The signing signaled the end of a disappointing stint with the Celtics which resulted in no championships and a series of injuries. Taking a look back at his time in Boston, Hayward acknowledged the difficulty of leaving a city he called home for three years and opened up about what it was like starting a new chapter in his playing career.
"It was a really tough decision. Through everything that happened to me in Boston, it was something that I'll always remember. Playing at the Garden, playing for the Boston Celtics. That's something you dream about as a kid, especially from Indiana with Larry Bird. I have nothing but positive things to say about my time in Boston. Although like I said it was frustrating and disappointing with I think how it all ended up, with injuries certainly playing a huge part of that. It was an extremely difficult decision and leaving a place too, where I've built some great relationships," said Hayward.

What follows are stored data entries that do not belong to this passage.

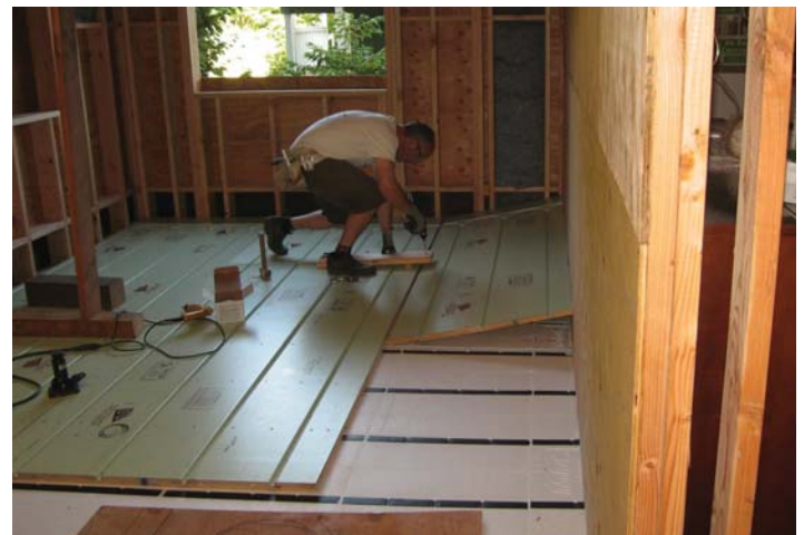
Radiant heat board over InSoFast.
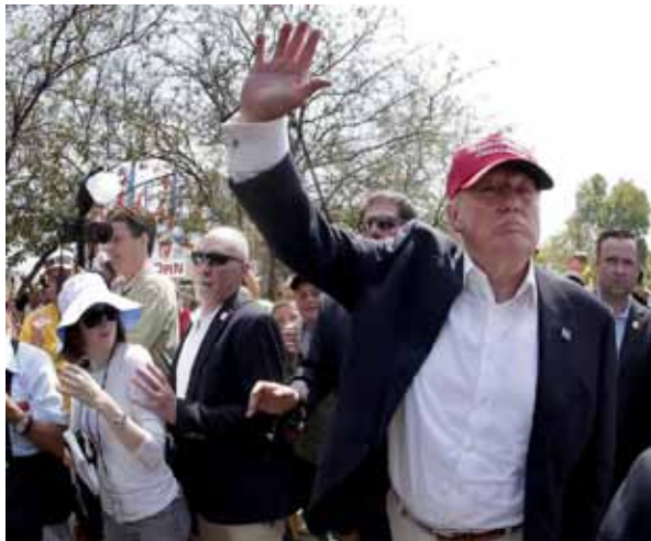
POLITICS: Trump would deny citizenship to children of undocumented immigrants > 23
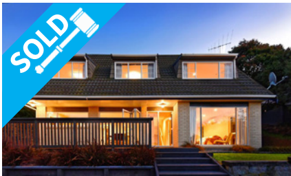
70 Landsdowne Terrace, CASHMERE $600,000

Enjoying a bounce-back year in Charlotte averaging over 22 points a game, Hayward has turned the page on his Celtics career looking more like his pre-injury form. While his tenure in Boston didn't end like he anticipated, overcoming the biggest obstacle of his basketball career to playing through an injury for the team's playoff run, Hayward showed he gave the Celtics everything he had to the very end -- a testament to his character and respect for his teammates.